Question on the Prize-Collecting TSP's ratio related to inapprox. of general TSP

Question

The Prize-Collecting TSP (PCTSP) is defined as the ordinary TSP with the difference that penalties are added to nodes; so we may avoid visiting a node paying its penalty, which is added to the overall cost. It currently admits a $2-\epsilon$ approximation ratio, where edge costs are considered to satisfy the triangle inequality. Obviously, ordinary TSP is PCTSP where all node penalties are set to inf.

I would like to ask, in the case a graph which does not satisfy the triangle inequality is chosen and ALL of its edges are deleted, replaced by 2 new edges connected to a 2-degree new node for each case of deleted edge, where each edge cost is equal to the deleted edge's cost/2 and having Euclidean distance equal to that (so the new graph is metric), don't we get a $(2-\epsilon)$ approximation ratio for the original (general and therefore non-approximable) graph? (Penalties for old nodes are set to inf and to new 2-degree nodes equal to 0).

Of course, there is a mistake in my thought, since this can't be true, so if somebody finds it, I would be pleased to listen to that. Thank you in priori.

Answer 1

Edited may answer, I hope it becomes clearer now (or I find out what I did not understand):

Your process is as follows: If you have an edge $e = \{u,v\}$ with weight $t$ you replace $e$ by a path of length two with edges $\{u,z_e\}$ and $\{z_e,v\}$. $z_e$ is a new node and each of the two new edges get weight $t/2$. For each edge, we introduce a new node.

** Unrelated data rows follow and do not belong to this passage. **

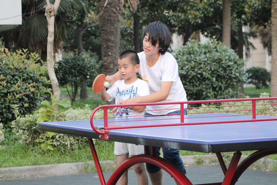 体育学院暑期实践团成员在在教孩子打乒乓球
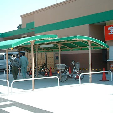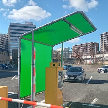 精算機や発券機の上にテントで屋根を設置したものです。テント材:一般テント用(防炎)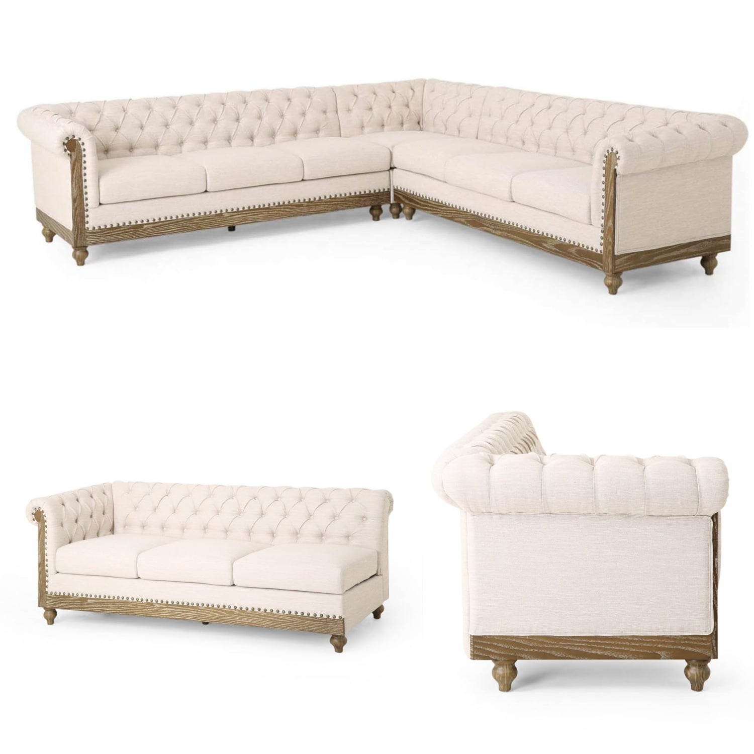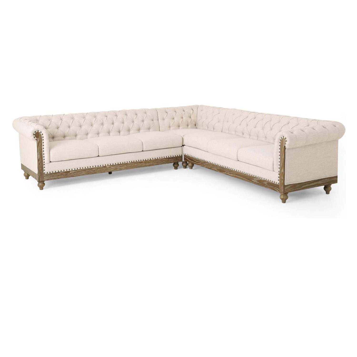 Merax Chesterfield Sofa, Retro Upholstered 6 Seater Rolled Arm Couch for Living Room Bedroom Office, Beige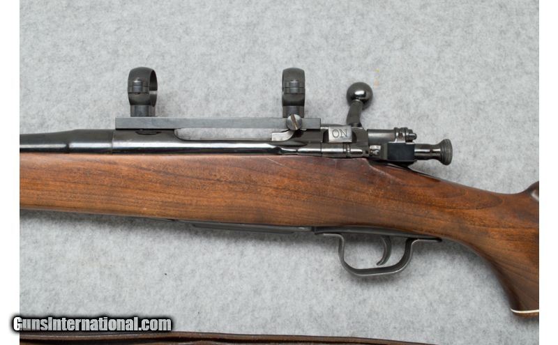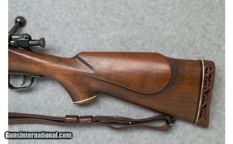 Description: Used SOLD Caliber Info: .30-06 SPRG Metal Condition: Very Good: Highly Polished Bluing; some light corrosion on barrel top Wood Condition: Good overall: Field scratches Bore Condition: Good Barrels: 19 1/4 Triggers: Grooved, blued steel Stock: Smooth pistol grip walnut with Monte Carlo Stock Dimensions: LOP - 13 1/2 Butt Pad: Brown rubber pad Weight: 7 lbs. 3 oz. (with rings & sling) Sights: None: Scope Rings Extras: Redfield Scope Rail / Rings & Sling Item Location: Sun Prairie, WI |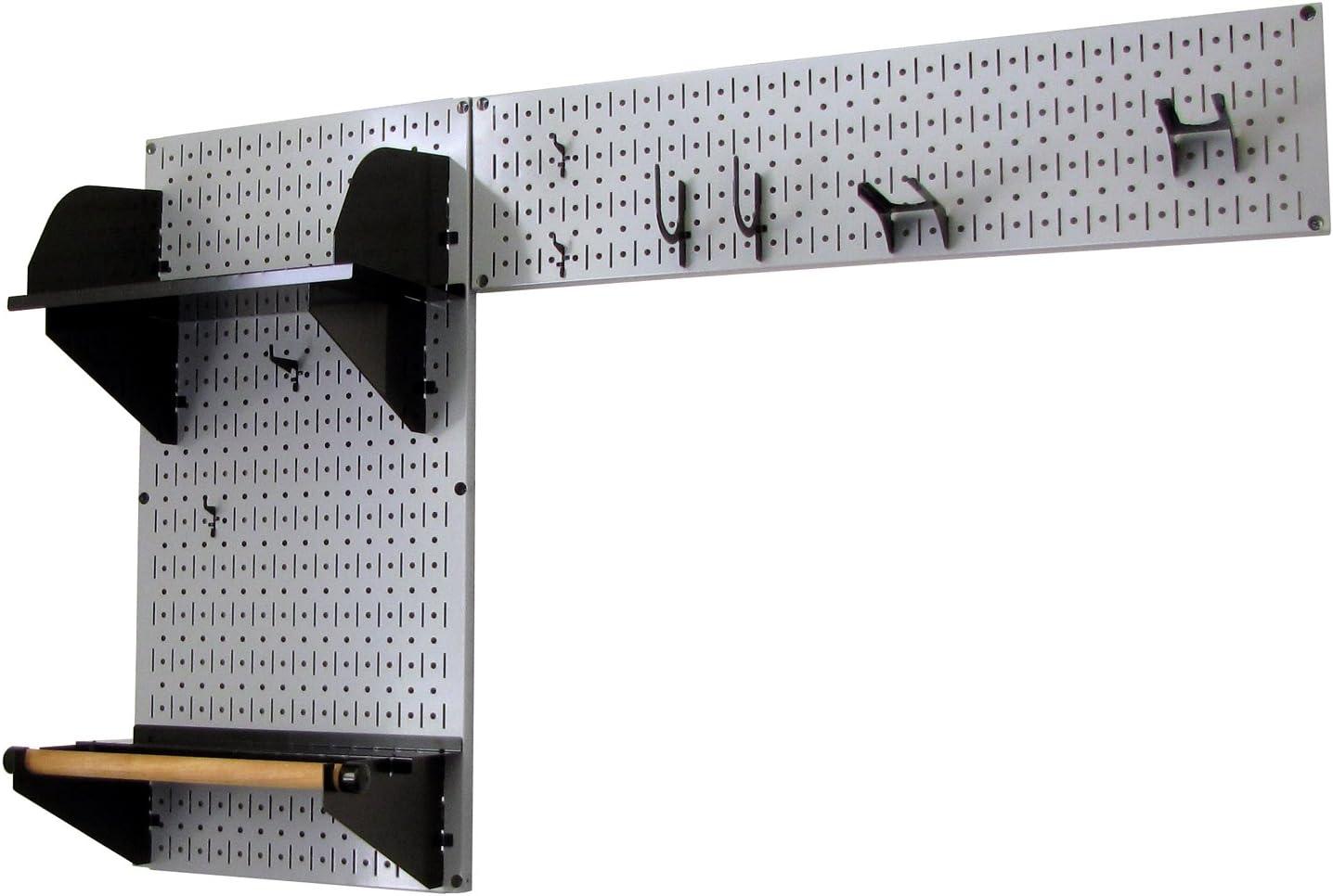 The Wall Control Pegboard Garden Supplies Storage and Organization Garden Tool Organizer Kit offers excellent garden tool storage and organization for your gardening supplies. This pegboard garden tool organizer is easy to install and even wipes clean with a damp rag unlike conventional pegboard that warps and frays over time when exposed to moisture or heavy loads. The attractive Metal Pegboards are great for heavy duty tool board storage and organization due to the pegboard's 20 gauge steel construction that makes them over 10 times stronger than conventional pegboard. This is a garden tool storage solution that will last a lifetime. Wall Control garden metal pegboards offer both slots and holes to accept slotted tool board accessories as well as conventional 1/4in peg board hooks making this garden pegboard extremely versatile by giving the user multiple options with tool board accessory selection. The patented engagement of the slotted tool board hooks included improves hook security for more hassle free tool storage. These versatile, durable, and high strength metal pegboard panels are an easy-to-use garden tool storage solution for any garage, shop, or shed. The metal pegboard panels are easy to install into studs or flat surfaces with pre-drilled mounting holes on 16in centers. A built-in frame return flange provides ample hook clearance and full access to all holes without requiring additional framework or using up pegboard holes for mounting. Mounting hardware is also included. Wall Control Garden Pegboard Products are Made in the USA. The Garden Tool Pegboard Organizer Kit Includes: (1) 16in x 32in Metal Pegboard Panel (1) 8in x 32in Metal Pegboard Panel (1) 9in Pegboard Shelf Assembly with Shelf Dividers (1) 4in Pegboard Shelf with Dowel Rod Assembly (2) Handle Hangers, 1-1/4″ (2) U-Hooks, 3″ Reach (1) Pack of Assorted Garden Hooks. Mounting Hardware is Included. Black Pegboards with White Tool board Accessories. Tools and Tool Sets Not Included.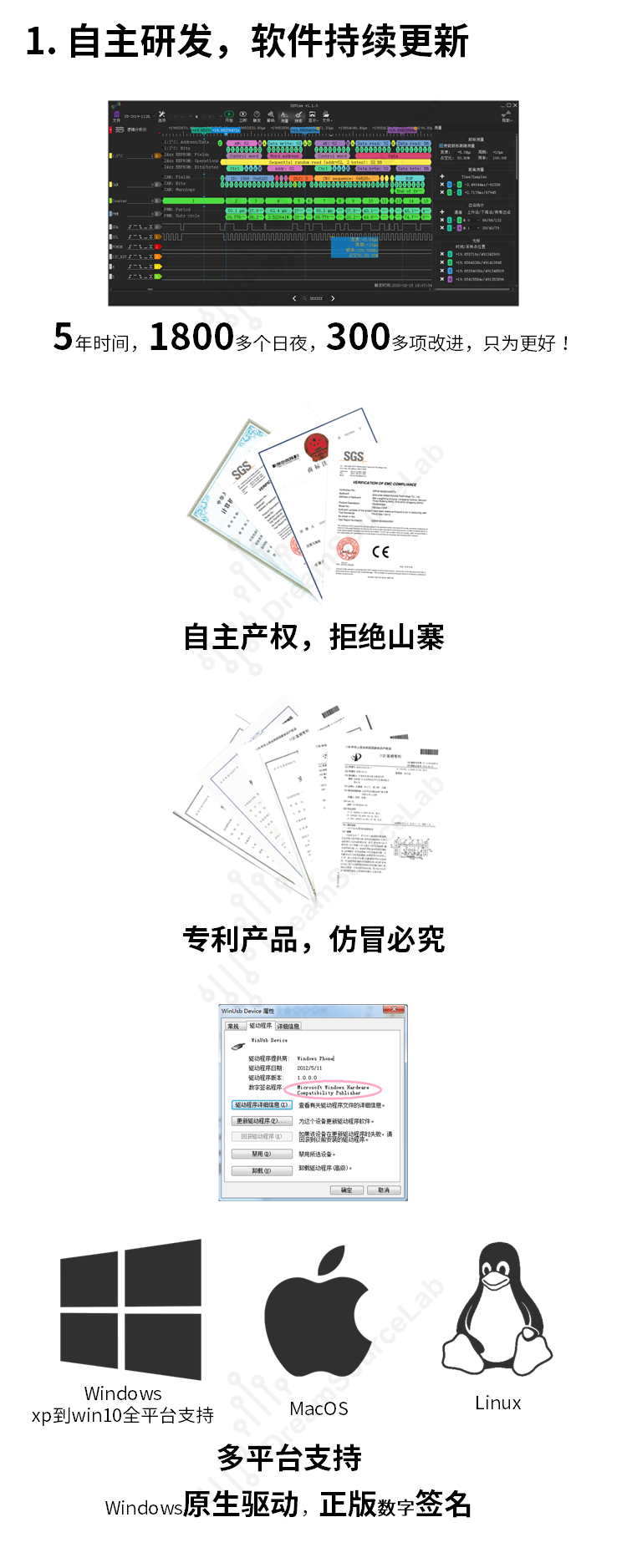 100MHz~~1000MHz采樣,16~32通道,最大256MB存儲(chǔ)/每通道,帶寬30MHz~250MHz,支持30種協(xié)議分析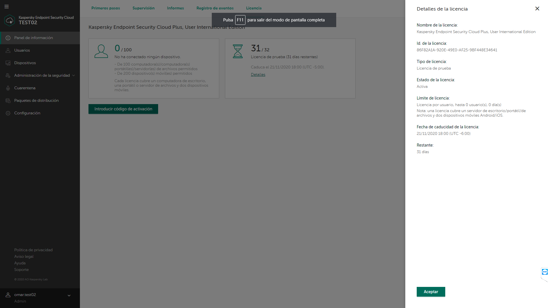 Problemas con Licencia y Generación de Paquetes - KES Cloud Prueba [MOVIDO]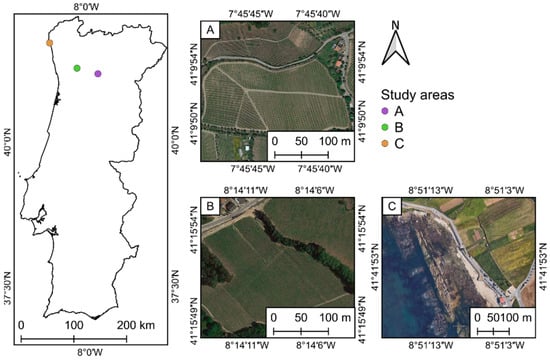 Location of the Portuguese study areas: (A) 1.5 ha vineyard parcel, belonging to Quinta do Vallado, Peso da Régua, Portugal; (B) 2 ha vineyard parcel, in Lousada, Porto, Portugal; and (C) 5 ha coastal area, located in Viana do Castelo, Portugal. Images from Google Earth (accessed on 18 December 2020).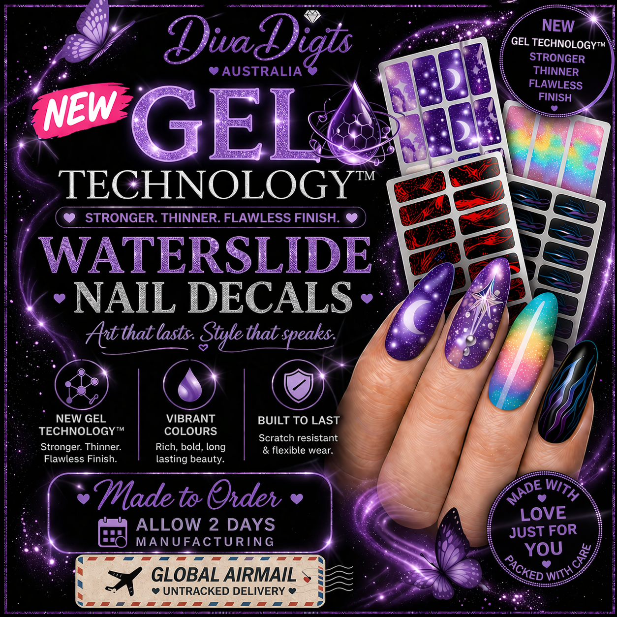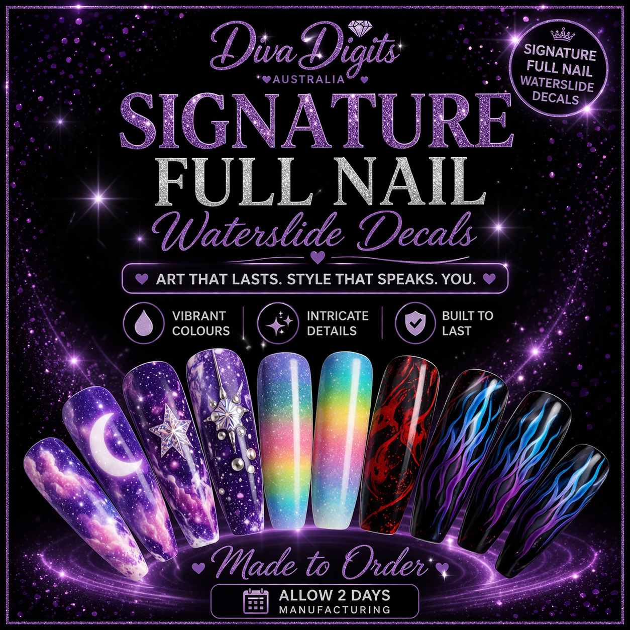 At Diva Digits, we create designer full nail waterslide decals using original artwork you won’t find anywhere else in the world.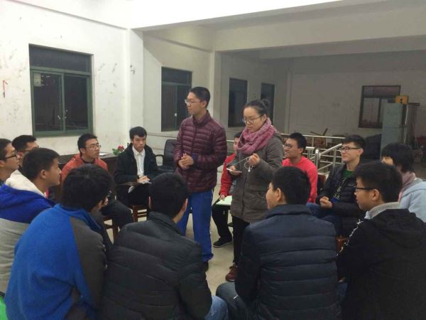 晚上7:40,活动正式开始。三个公司的各班长围坐成一圈,相互进行了自我介绍,并通过一些破冰小游戏增进了彼此的认识。接着,班长们就各自在班级工作中遇到的困难和得到的经验进行了讨论和分享,也提出了一些比较实际的问题。这些问题普遍反映出同学们对集体活动的参与热情与积极性不高,班级凝聚力不强的现象。针对这些问题,班长们进行了激烈的讨论,最终也收获了一些较好解决方案。之后,已经相互熟悉的班长们进行了“击鼓传花”、“不要7”、“交换名字”等趣味小游戏,在每一轮的游戏中都有一些班长受到了“惩罚”:真心话大冒险、俯卧撑等等,现场不时爆发出阵阵笑声,气氛十分轻松活跃。在本次会议的结束之际,三位部长进行了简短的总结,并结合班长们的发言补充了一些建设性的意见,分享了自己的工作经验,同时也给予了各班长很大期望。此次三院联合班长联席会于晚上8:50拉下了帷幕,不同公司的班长们互留了联系方式,约定之后继续交流合作。

So far, we do not have a metric instance, because there is no edge between $u$ and $v$ so far and the distance between $u$ and $v$ is infinite. Therefore, you take the shortest path metric to get these distances. (I suppose that this is what you mean by "having Euclidean distances equal to that". Otherwise, you should clarify this.)

My point is that after adding distances according to the shortest path metric, the distance between $u$ and $v$ might not be $t$ anymore, so you do not get your original instance back: Consider a triangle with edge lengths $1$, $1$ and $t$. Let $u$ and $v$ be the nodes of the edge with weight $t$. Apply your construction. The shortest path between $u$ and $v$ is $2$ (it takes the four edges with weight $1/2$) and not $t$.

Btw: Euclidean distance should just be distance in the question.